Taken from light-polluted Tyneside with an unmodified DSLR by using a 7nm H-alpha filter

Canon 5D3 ISO 12800 50mm f/1.4 lens at f/2.8 7nm Baader Ha filter
HEQ5 mount (unguided) 123 x 64s = 131.2 minutes. Exposures by APT. Stacked in GRIP

This slide demonstrates a further technique: putting a narrowband filter in front of the camera to pick up a specific wavelength of light, which works even in light-polluted suburbia. It shows more clearly the nebulae in Orion. (But the band across the bottom is still due to light pollution. Orion never gets high enough in the sky to completely avoid this at my latitude.)

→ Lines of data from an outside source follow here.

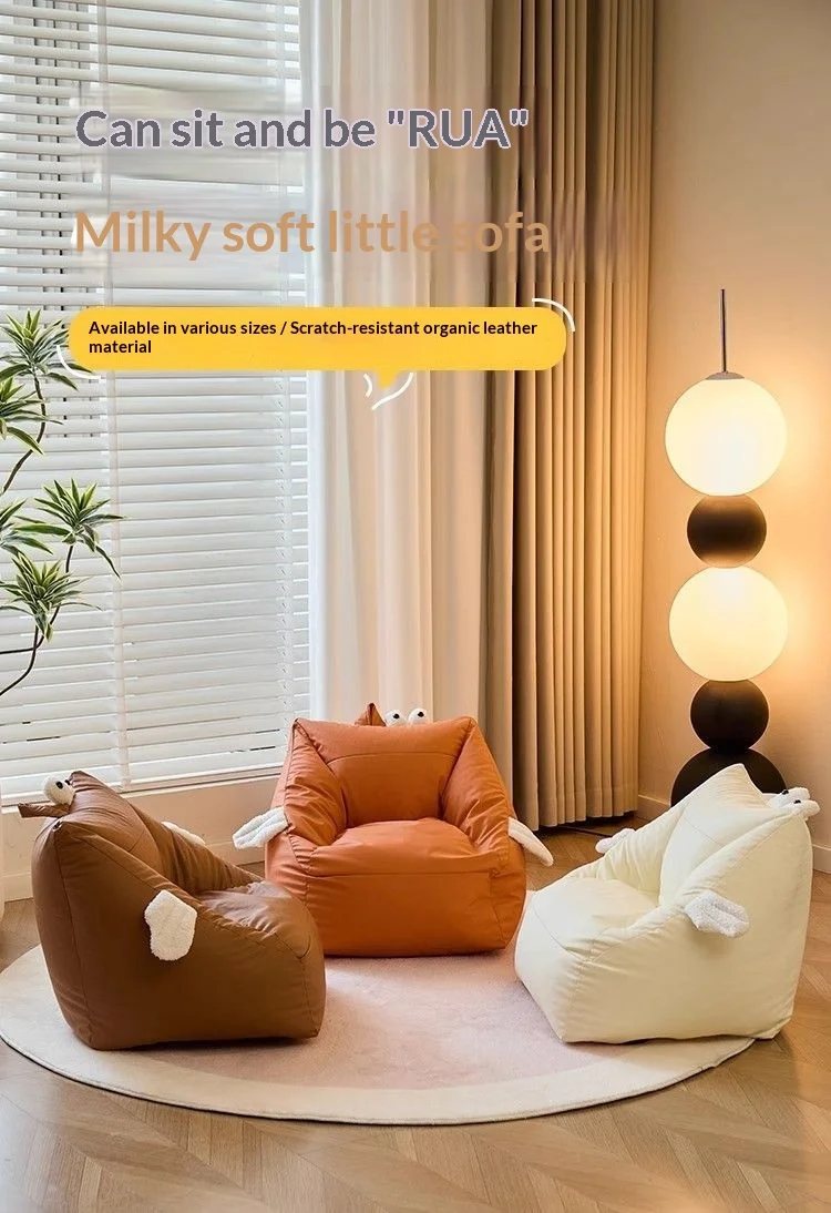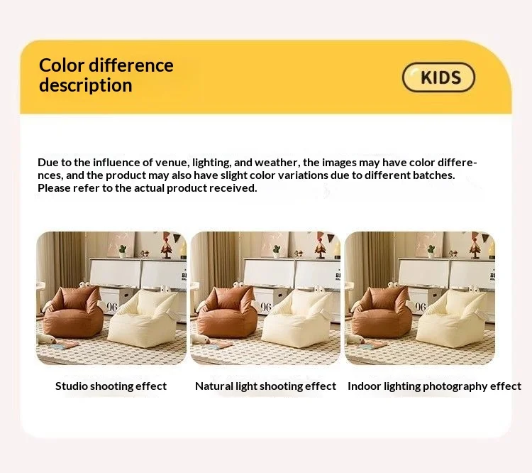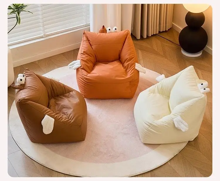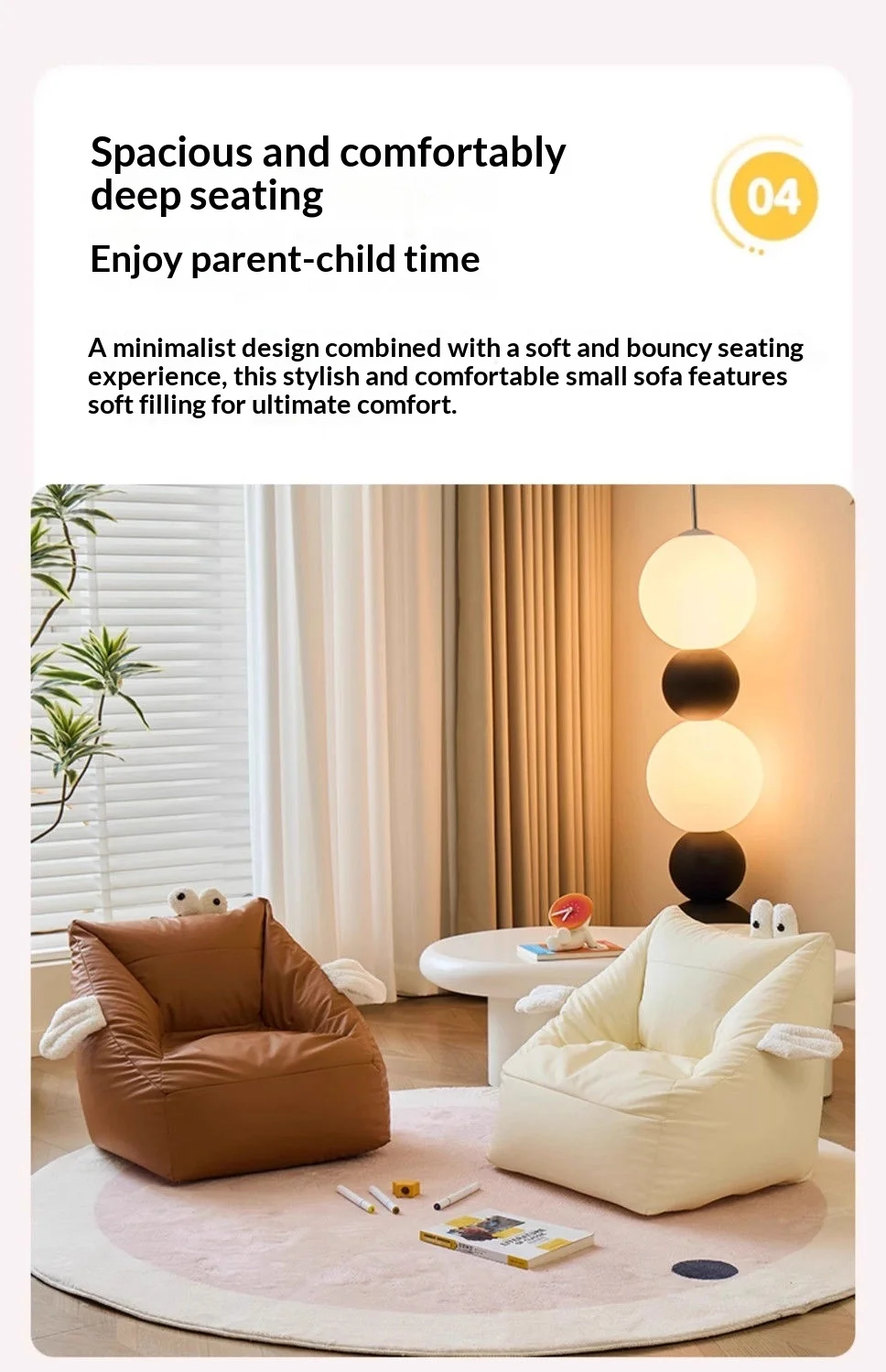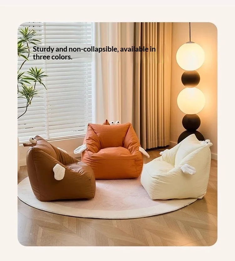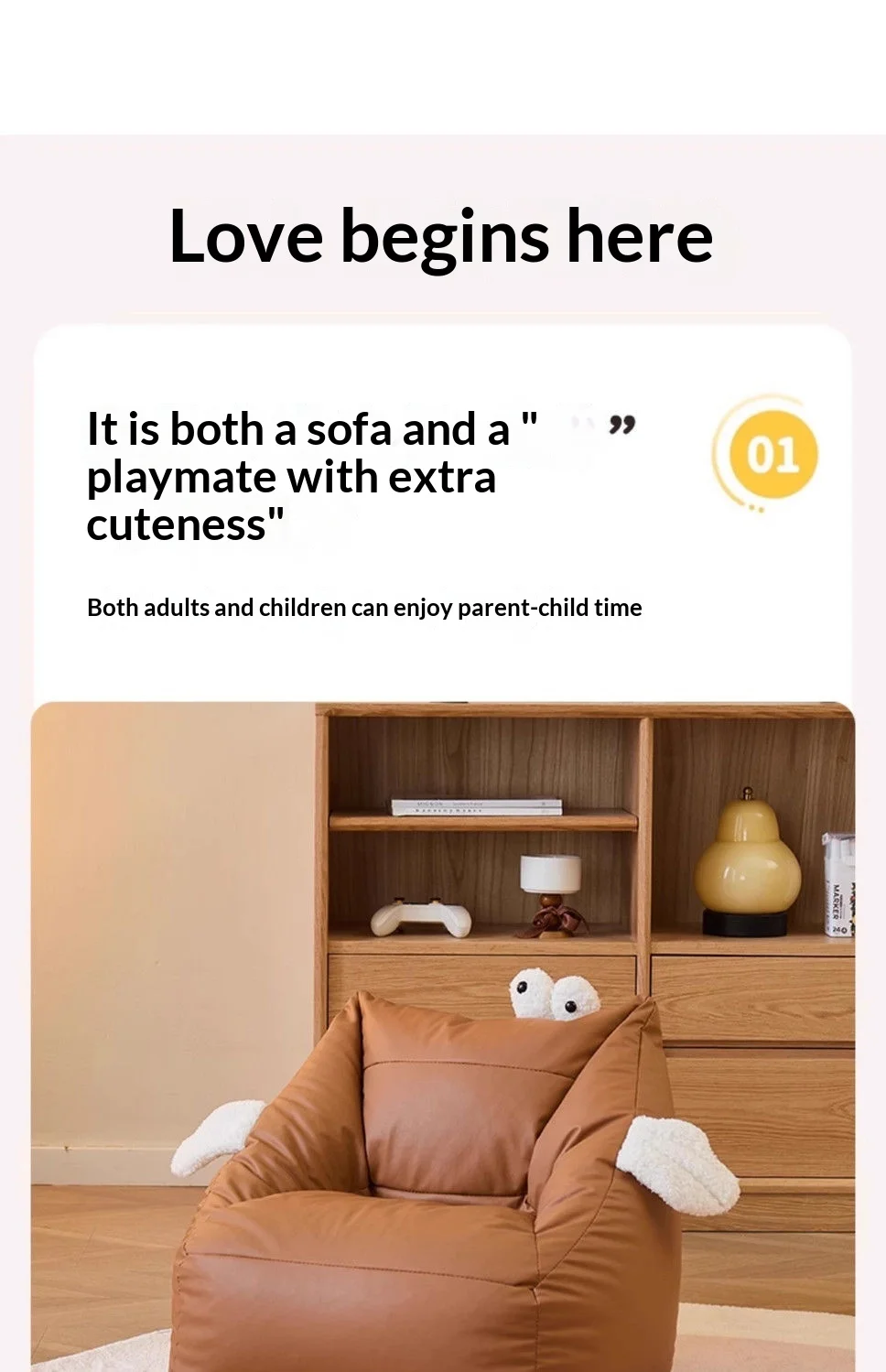 Kids Bean Bag Sofa Cute Playroom Reading Chair Baby Toddler Recliner Seat Soft Washable Removable Cover Brown White Orange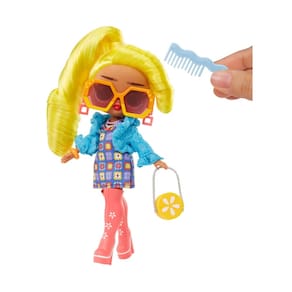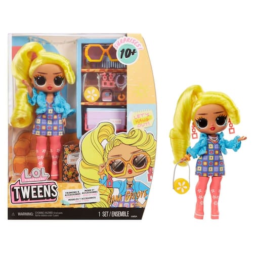 Hana Groove é uma doll da série LOL Surprise Tweens, perfeita para quem ama o estilo retrô Ela vem envolta em mais de 10 surpresas, como vestido de crochê dos anos 70, botas rosas até o joelho, jaqueta cropped com babados, bolsa floral, óculos de sol, brincos, pulseira, colares, um cooler e uma câmera polaroid — tudo pensado para festas ao ar livre e piqueniques Seu corpo articulado permite várias poses, complementando sua personalidade vibrante e cheia de atitude, pronta para curtir o dia ensolarado ao lado das amigas Ela faz parte de uma coleção divertida que inclui também Flora Moon, Ellie Fly e Cassie Cool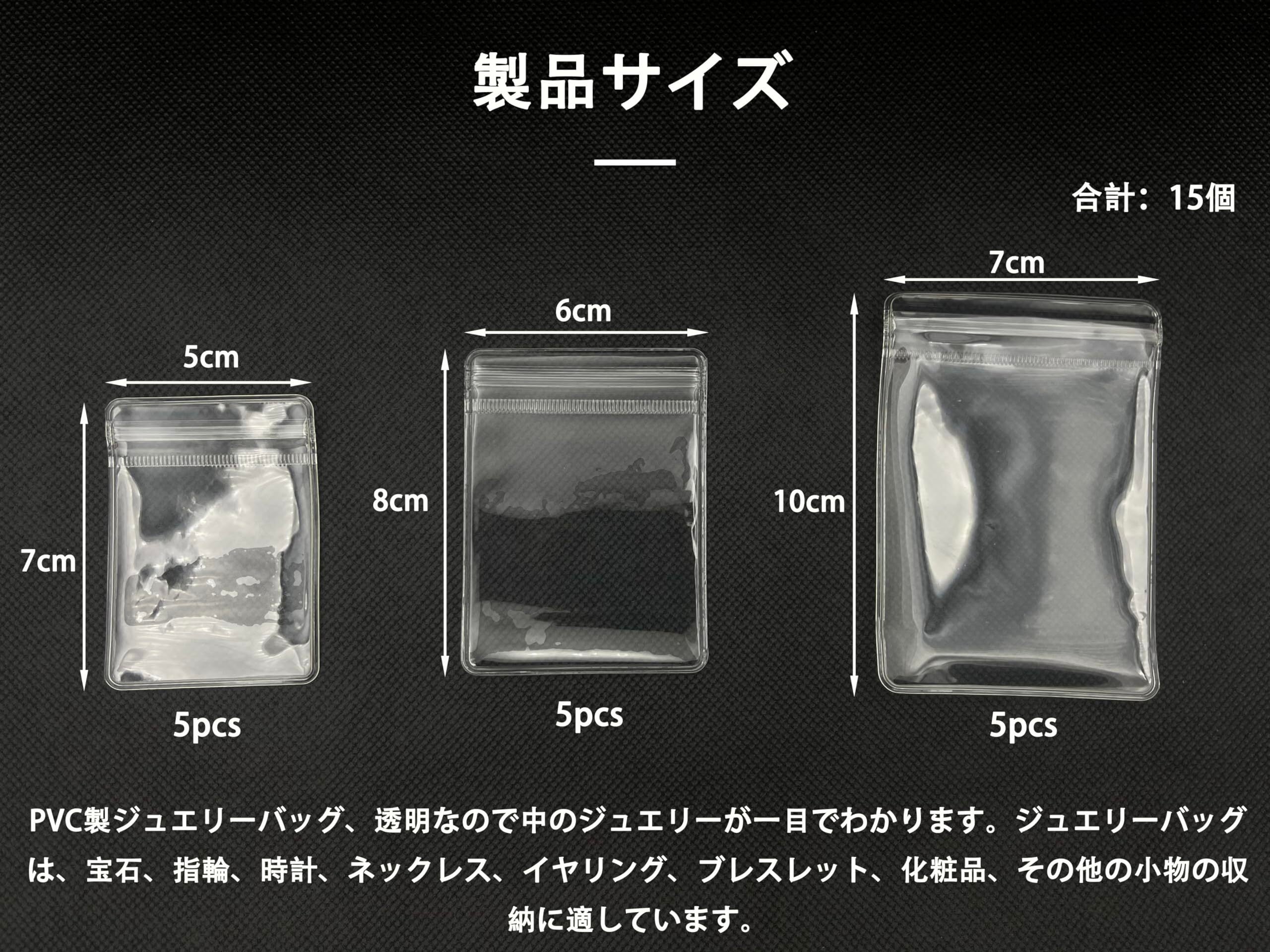 PVCジュエリーバッグ15個セット | 透明・耐湿・耐久性 | ハンドメイド材料やアクセサリーの収納に最適 | 5*7cm, 6*8cm, 7*10cm (3サイズあり) | ポリ袋 小・ジップロック・ビニール袋 厚手、ジップロック 袋 ,ジュエリーバッグ,ビニール袋 小 | allstore1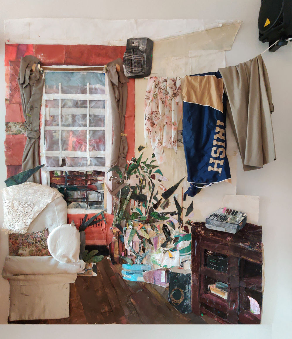 Recycled fabric, oil, acrylic and spray paint

In the direction of Orion there are clouds of hydrogen gas between the stars. They are rarified but many light years across, so have a significant cumulative effect. The radiation (especially ultraviolet) from some of the stars ionises hydrogen atoms. The electrons separate from the protons but being oppositely charged they attract each other again. As an electron falls down through the energy levels of a hydrogen atom it emits photons (light) of specific wavelengths. The brightest of these in the optical band is called Hydrogen-alpha emission. A narrow band filter around the H-alpha wavelength, which is red, allows through this emission and not much else. That is what we see here.